New Hampshire Filing Closes for Presidential Primaries

November 20 was the deadline for presidential candidates to file in New Hampshire. Thirty Republicans filed, and twenty-eight Democrats filed. By contrast, in 2012, 31 Republicans filed and 14 Democrats filed. Candidates need no petition; they merely pay a fee of $1,000.

The New Hampshire Secretary of State encourages many candidates to file, because the more candidates file, the more revenue the state receives. Gardner even sometimes telephones lesser-known presidential candidates and encourages them to file.

Yet when the Libertarian Party sued New Hampshire over ballot access, the state claimed that the restrictive rules were needed to keep the ballot from being “cluttered.” In 2014, New Hampshire was one of five states with no minor party or independent candidates for any statewide office. The others were Alabama, California, New Mexico, and Pennsylvania (and Washington had no statewide offices up).

Here is a link to the New Hampshire Secretary of State’s page. Under “election information” click on “candidates filed.”

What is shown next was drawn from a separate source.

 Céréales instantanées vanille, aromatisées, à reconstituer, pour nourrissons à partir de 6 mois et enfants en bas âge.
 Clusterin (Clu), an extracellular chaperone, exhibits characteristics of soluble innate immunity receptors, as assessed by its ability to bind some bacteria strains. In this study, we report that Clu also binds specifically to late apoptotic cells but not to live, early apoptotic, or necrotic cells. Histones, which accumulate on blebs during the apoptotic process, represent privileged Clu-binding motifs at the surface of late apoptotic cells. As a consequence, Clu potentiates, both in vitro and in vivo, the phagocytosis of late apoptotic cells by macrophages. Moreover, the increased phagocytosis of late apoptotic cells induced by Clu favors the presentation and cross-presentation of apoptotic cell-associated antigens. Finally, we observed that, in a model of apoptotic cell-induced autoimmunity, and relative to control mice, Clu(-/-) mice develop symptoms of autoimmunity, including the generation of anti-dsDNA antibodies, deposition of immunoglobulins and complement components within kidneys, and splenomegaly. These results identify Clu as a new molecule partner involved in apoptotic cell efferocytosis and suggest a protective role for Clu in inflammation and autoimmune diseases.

Ohio Libertarian Party Asks Sixth Circuit to Invalidate Ballot Access Law

On November 19, the Ohio Libertarian Party filed a notice of appeal to the Sixth Circuit, in Libertarian Party of Ohio v Husted, 14-3230. The issue in this part of the case is whether Ohio waived its Eleventh Amendment immunity. If Ohio did waive its Eleventh Amendment immunity, then the federal courts have a right to determine if the 2013 ballot access laws for new political parties violates the Ohio Constitution. The U.S. District Court had ruled that federal courts can’t decide whether the 2013 law violates the Ohio Constitution.

The 2013 law appears to violate the Ohio Constitution, because the 2013 law says new parties can’t nominate by primary, yet the State Constitution seems to say all parties must nominate by primary. The 2013 law sets a July petition deadline for new parties, and the Ohio primary is already over by then. The Ohio primary is in March in presidential years and May in other years.

In the meantime, the party is still waiting for the U.S. District Court to rule on whether the enforcement of another law in 2014 represented selective enforcement. That law required petitioners to fill in a blank to say who paid them to gather signatures. The law had never before been enforced. It was also ambiguous, because it wasn’t clear to the circulators that it applied to independent contractors.